Wenn du, bevor die ersten zehn Jahre verstrichen sind, damit anfängst, dir gemäß deines eigenen Maßstabs Meinungen über die guten und schlechten Seiten des Meisters und der Übungstätte zu bilden, und auf die Suche gehst nach einem besseren Meister oder einer anderen Übungsstätte, dann folgst du damit lediglich dem Maßstab deiner eigenen Gedanken und blähst so dein Ego auf. Wenn du deinem Ego folgst, dann bedeutet das leider, dass du dem Buddhaweg nicht folgst.

Von Anfang an wirst du dir im Klaren darüber sein müssen, dass jeder Meister nur ein Mensch und keinesfalls perfekt ist. Wichtig ist deine eigene Übung, deren Ziel sein muss, dem unvollkommenen Meister auf so vollkommene Weise wie möglich zu folgen. Wenn du deinem Meister auf diese Weise folgst, dann ist diese Übung die Grundlage, auf der du dir selbst folgst. Deshalb sagt Dogen Zenji:

„Dem Buddhaweg folgen bedeutet, sich selbst zu folgen.“ (Genjokoan)

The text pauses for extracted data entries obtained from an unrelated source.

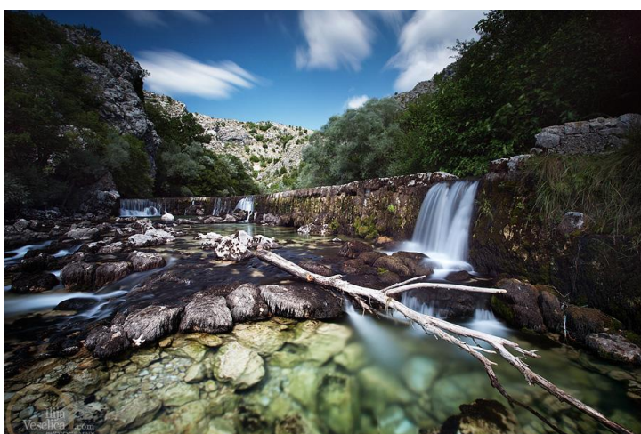
Slika 2: Rijeka Rumin u značajnom krajobrazu Rumin

Na području Općine nalaze se i dva područja očuvanja ekološke mreže značajno za vrste i stanišne tipove (POVS) HR 5000028 Dinara i HR 201313 Srednji tok Cetine s Hrvatačkim i Sinjskim poljem, te dva područja očuvanja značajno za ptice (POP) HR 1000028 Dinara i HR 1000029 Cetina, sve sukladno Uredbi o ekološkoj mreži (NN 124/13, 105/15).
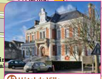
13 Hôtel de Ville
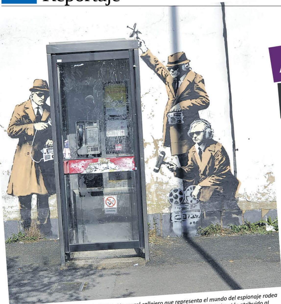
CHELTHENHAM (REINO UNIDO) 15/04/2014.- Un mural callejero que representa el mundo del espionaje rodea una cabina telefónica en una calle residencial de Cheltenham (Reino Unido). El dibujo ha sido atribuido al artista Banksy. El mural muestra a tres hombres vestidos con gabardinas y sombreros, el típico perfil del espía de los pasados años cincuenta, junto a una cabina de la compañía de telecomunicaciones BT y portando unos cables con los que intentan escuchar una conversación telefónica.

Democratizar el arte. Usarlo como arma. Despojarlo del privilegio de unos pocos para convertirlo en el derecho de muchos. Estas son algunas premisas de las que parte la expresión artística calificada como "urbana". Comenzó como acciones clandestinas enraizadas en guerrillas contraculturales y reivindicativas en los sesenta y se popularizó en los setenta y los ochenta. En la actualidad, los artistas urbanos son reconocidos y venerados.
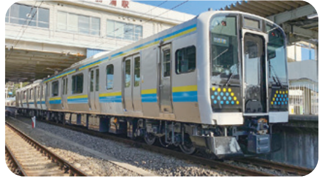
▲導入される新型車両(E131系)

この新型車両は、車内の一部ドア上部に案内表示画面が設置され、運行情報などが提供されます。また、「半自動ドア機能」が使用されます。
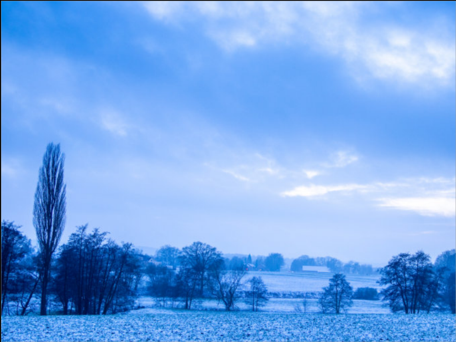
Winterlicher Blick Richtung Bielefeld
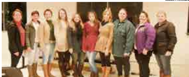
Participaram do curso responsáveis por salões de beleza do município
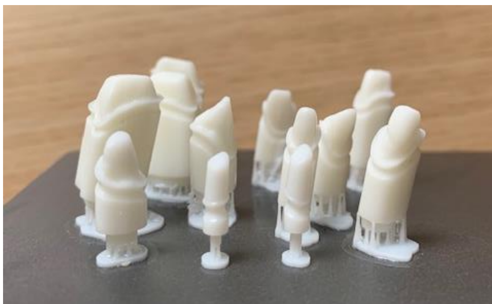
SLIKA 2. Bataljci ispisani 3D tehnologijom.
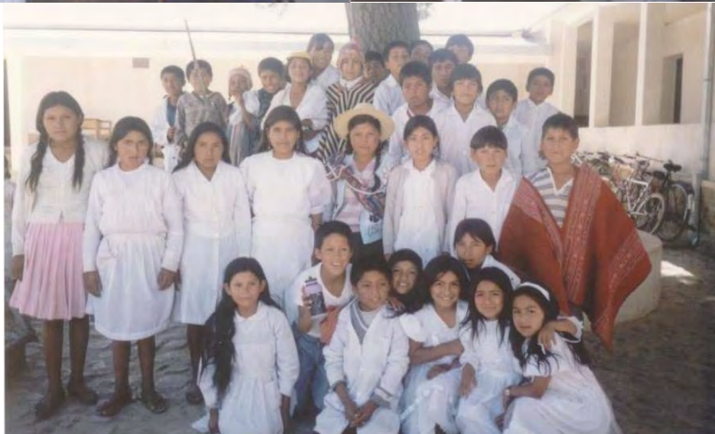
Y despedida del curso. Día de fiesta y teatro.
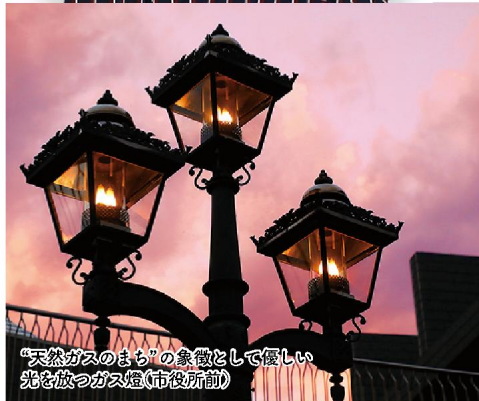
「天然ガスのまち」の象徴として優しい光を放つガス燈(市役所前)
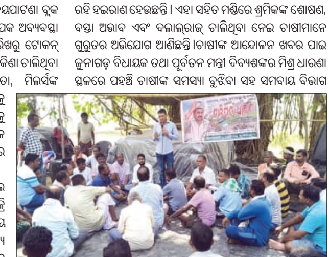
ରହି ହଜାରୋ ହେଉଛନ୍ତି। ଏହା ସହିତ ମଣ୍ଡିରେ ଶ୍ରମିକଙ୍କ ଶୋଷଣ, ବସ୍ତା ଅଭାବ ଏବଂ ଦକାଲରାଜ ଚାଲିଥିବା ଦେଖାଯାଇଛି।

ଜୟପାଟଣା, ୧୪।୬(ସମିପ): କଳାହାଣ୍ଡି ଜିଲ୍ଲା ଜୟପାଟଣା ବ୍ଲକ୍ ଅଧୀନ ରଣମାଳ ମଣ୍ଡିରେ ଧାନ ଉଠାଣରେ ବ୍ୟାପକ ଅବ୍ୟବସ୍ଥା ଦେଖାଦେଇଛି। ଚାଷୀମାନେ ଗତ ମେ ୨୦ ତାରିଖରୁ ଟୋକନ୍ ପାଇଥିଲେ ମଧ୍ୟ ଏଠାରେ ଅତି ମଜୁର ଗରିବ ଧାନ କିଣା ଚାଲିଥିବା ଅଭିଯୋଗ ହୋଇଛି। ପ୍ରଶାସନିକ ଉଦ୍‌ଯୋଗ୍ୟ, ମିଳିତ ସହଯୋଗର ଅଭାବ ଏବଂ ମଣ୍ଡିରେ ଦକାଲ ରାଜକୁ ସିରୋଧ କରି ଶେଷରେ ଚାଷୀମାନେ ଧାରଣାକୁ ଓହ୍ଲାଇଥିଲେ। କୁନାଗଡ଼ ବିଧାୟକ ତଥା ପ୍ରଶାସନିକ ଅଧିକାରୀଙ୍କ ହସ୍ତକ୍ଷେପ ଏବଂ ପ୍ରତିଶ୍ରୁତି ପରେ ବର୍ତ୍ତମାନ ଆୟୋଜନ ସ୍ଥଗିତ ରହିଛି।
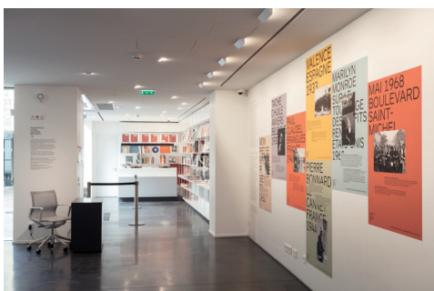
003 Fondation HCB, 79 rue des Archives, novembre 2018 Perles des Archives et librairie
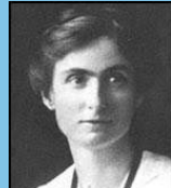
EDITH ABBOTT 1876-1957

Practicó el trabajo social profesional, la organización de la comunidad y la educación social mediante estrategias.
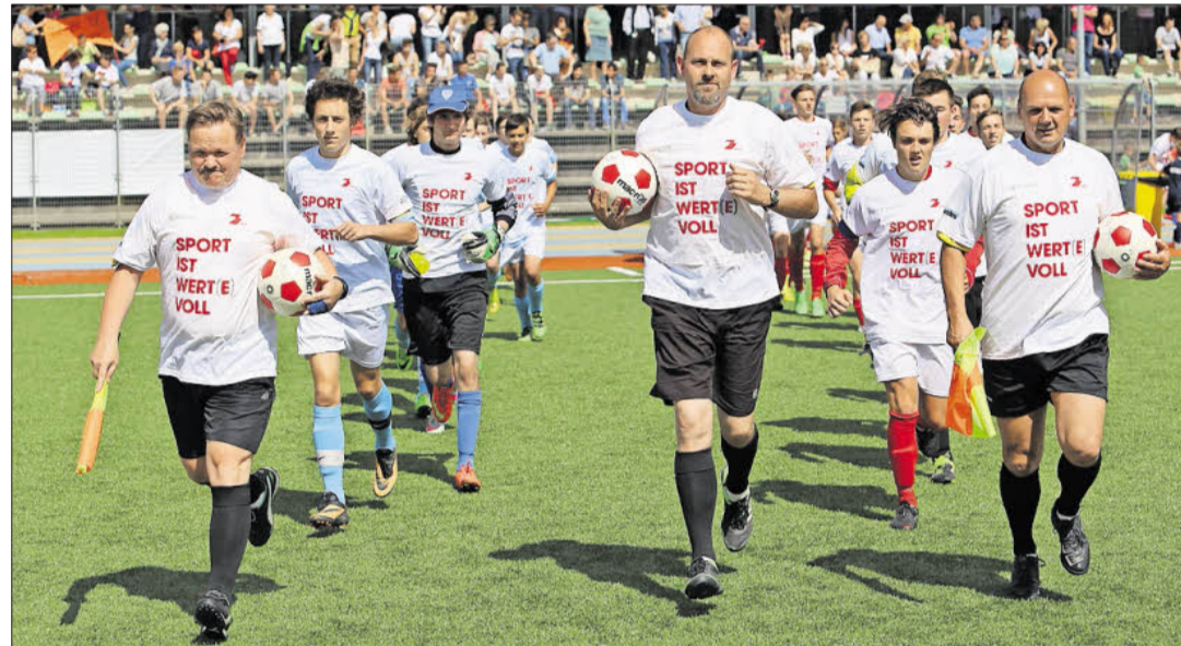
Bei den Fußball-Landesmeisterschaften liefen Schiedsrichter und Spieler mit den offiziellen T-Shirts auf.

Mit dem Motto „Sport ist wert(e)voll“ will der Verband der Sportvereine Südtirols alle am Sport beteiligten Personen, Kinder, Jugendliche, Eltern, Funktionäre, Trainer und Betreuer ansprechen, um die große Bedeutung des Sports für eine gute Entwicklung von Kindern und Jugendlichen hervorzuheben. Damit schließt der VSS an das Motto „Fair Play“ aus den Jahren 2014/2015 an. Damals wurde insbesondere an die Eltern und an die Trainern appelliert, die individuelle Leistung der Kinder und Jugendlichen anzuerkennen, also fair gegenüber ihren Kindern bzw. „Schützlingen“ zu sein, weil Sport und Bewegung, sinnvoll
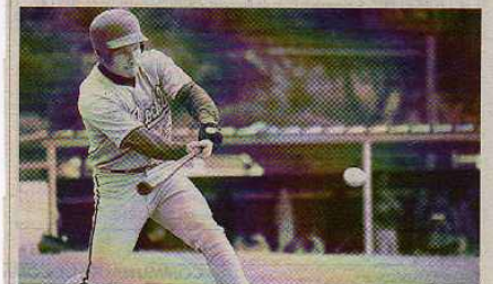
Club. Les Boucaniers, ici en action, accueillent ces championnats de France
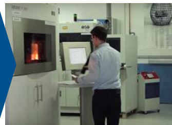
Produktion in der nach FDIS ISO 9001:2015 zertifizierten LMD Spezialfertigung
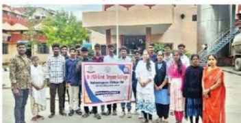
తిరుపతి బాలాజీ డెయిరీ క్షేత్ర పర్యటనలో డిగ్రీ కళాశాల విద్యార్థులు
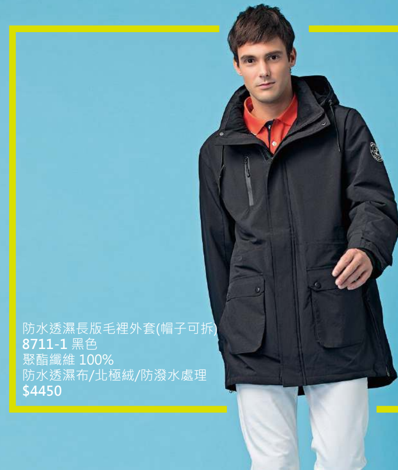
防水透濕長版毛裡外套(帽子可拆) 8711-1 黑色 聚酯纖維 100% 防水透濕布/北極絨/防潑水處理 $4450
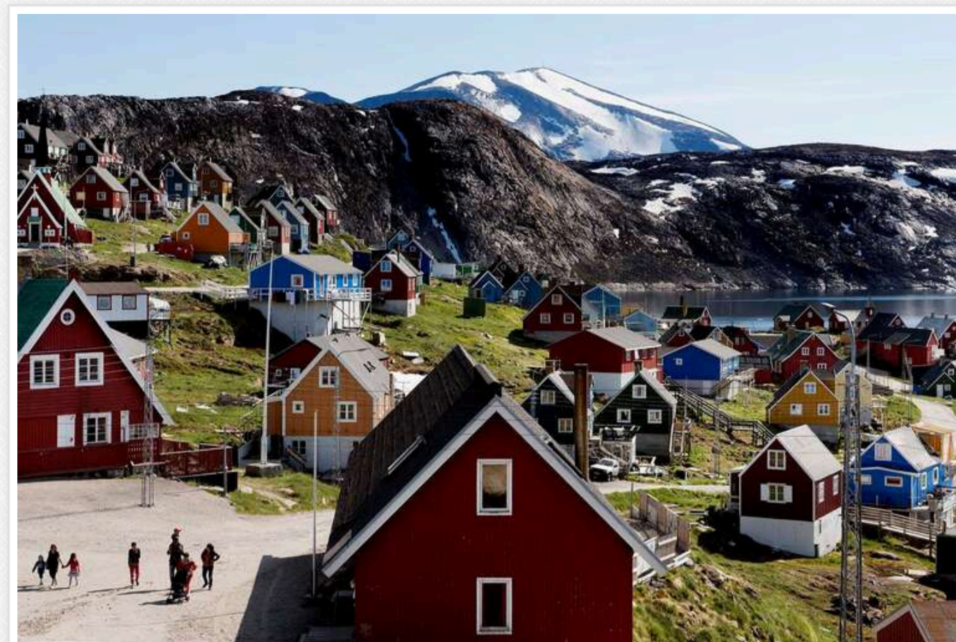
Гренландські партії проти ідеї Трампа щодо приєднання острова до США

Усі п'ять партій парламенту Гренландії виступили проти пропозиції Дональда Трампа щодо приєднання острова до США, повідомляє Радіо Данії.
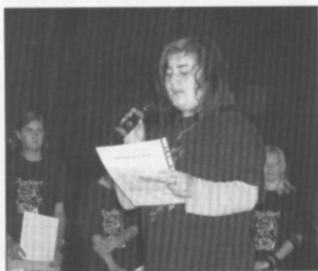
□ Rozloučení z častolovickou školou.

Oproti tomu bylo uděleno na závěr roku 54 pochval třídním učitelem, vesměs za výborný prospěch a příkladné chování, popř. za reprezen-
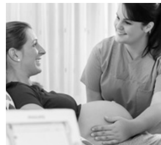
GROSSESSE & POST PARTUM

Orientation : Prise en charge du post-partum
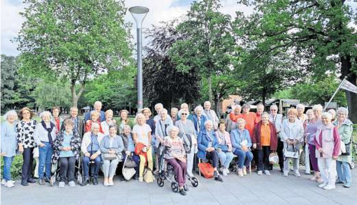
Die AWO Engelbostel-Schulenburg erlebte einen ereignisreichen Tag.

perfekt zum Spargelessen vorbereitet. Gestärkt ging es mit dem Bus weiter nach Steinhude. Bei strahlendem Sonnenschein konnten alle spazieren gehen, den Blick auf das Steinhuder Meer genießen oder bei Kaffee und Eis eine Pause einlegen. Satt und zufrieden ging es dann zurück nach Engelbostel und Schulenburg.
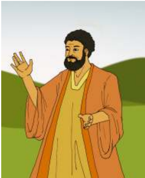
Musa bersyukur Gambar 4.1

hujan ke atas tumbuh-tumbuhan. Sebab nama TUHAN akan kuserukan: Berilah hormat kepada Allah kita, Gunung Batu, yang pekerjaan-Nya sempurna, karena segala jalan-Nya adil, Allah yang setia, dengan tiada kecurangan, adil dan benar Dia. Berlaku busuk terhadap Dia, mereka yang bukan lagi anak-anak-Nya, yang merupakan noda, suatu angkatan yang bengkok dan belat-belit.
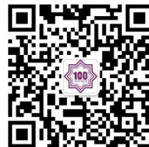
南开 MBA 中心官方微信号

„Dem Meister zu folgen, den Sutras zu folgen, all das bedeutet, sich selbst zu folgen. Die Sutren sind die Schrift deiner selbst. Der Meister ist der Meister deiner selbst. Wenn du eine lange Wanderschaft unternimmst, um nach Meistern zu suchen, dann machst du damit eine lange Wanderschaft auf der Suche nach dir selbst. Wenn du hundert Gräser pflückst, pflückst du hundertmal dich selbst, und wenn du auf zehntausend Bäume kletterst, kletterst du zehntausend mal auf dich selbst. Verstehe, dass, wenn du auf diese Weise übst, du nichts als dich selbst ausübst. Wenn du so übend verstehst, wirst du von dir selbst ablassen und dadurch dich selbst erst wirklich zu schmecken bekommen.“ (Jisho-zanmai)

Dass es wichtig für die Übung ist, einen Meister zu finden, wird oft gesagt, aber wer ist es eigentlich, der entscheidet, wer der richtige Meister ist? Entscheidest du es nicht letztlich mit dem Maßstab deiner eigenen Gedanken (d.h. deinem Ego)? Solange du nach dem Meister außerhalb deiner eigenen Übung suchst, wirst du damit nur dein eigenes Ego aufblähen. Der Meister existiert nicht außerhalb deiner selbst: Das Zazen, in dem du selbst zu dir selbst wirst, ist der Meister. Das bedeutet die Zazen-Übung, in der du deine Gedanken wirklich loslässt.

Heißt das, dass es reicht, wenn wir ohne einen Meister einfach alleine Zazen machen? Nein, auf keinen Fall. Dogen Zenji sagt ja selbst im Anschluss an das obige Zitat aus dem Jisho-zanmai:

„Wenn du hörst, dass du dich selbst schmeckst und durch dich selbst zu dir selbst erwachst, dann schließt du vielleicht überstürzt, dass du für dich alleine lernen solltest, ohne den Weg von einem Meister gewiesen zu bekommen. Das ist ein großer Fehler. Zu glauben, wir könnten uns auch ohne einen Meister selbst befreien, ist eine fälschliche Meinungen, die auf die ‚Naturalismus‘-Philosophie Indiens zurückgeht.“

Wenn du ohne einen Meister für dich alleine übst, wirst du letztlich einfach nur das tun, was dir gerade in den Sinn kommt, aber das hat mit dem Buddhaweg nichts zu tun. Trotz allem ist es unerlässlich, zunächst einen guten Meister zu finden und ihm zu folgen. Glücklicherweise gibt es in Japan noch Meister, die die Buddhalehre in der Form von Zazen korrekt übertragen bekommen haben. Einem solchen Meister solltest du ohne Murren folgen, in dem du mindestens zehn Jahre schweigend durchsitzt. Nach zehn Jahren sitze noch einmal für zehn Jahre, und nach zwanzig Jahren von Neuem für zehn Jahre. Wenn du auf diese Weise für dreißig Jahre durchsitzt, wirst du dir dadurch einen guten Überblick über die Landschaft des Zazen verschaffen – und das bedeutet gleichzeitig auch einen guten Überblick über die Landschaft deines eigenen Lebens. Natürlich hat deine Übung damit nicht ihr Ende gefunden – das ganze Leben ist der Inhalt deiner Übung.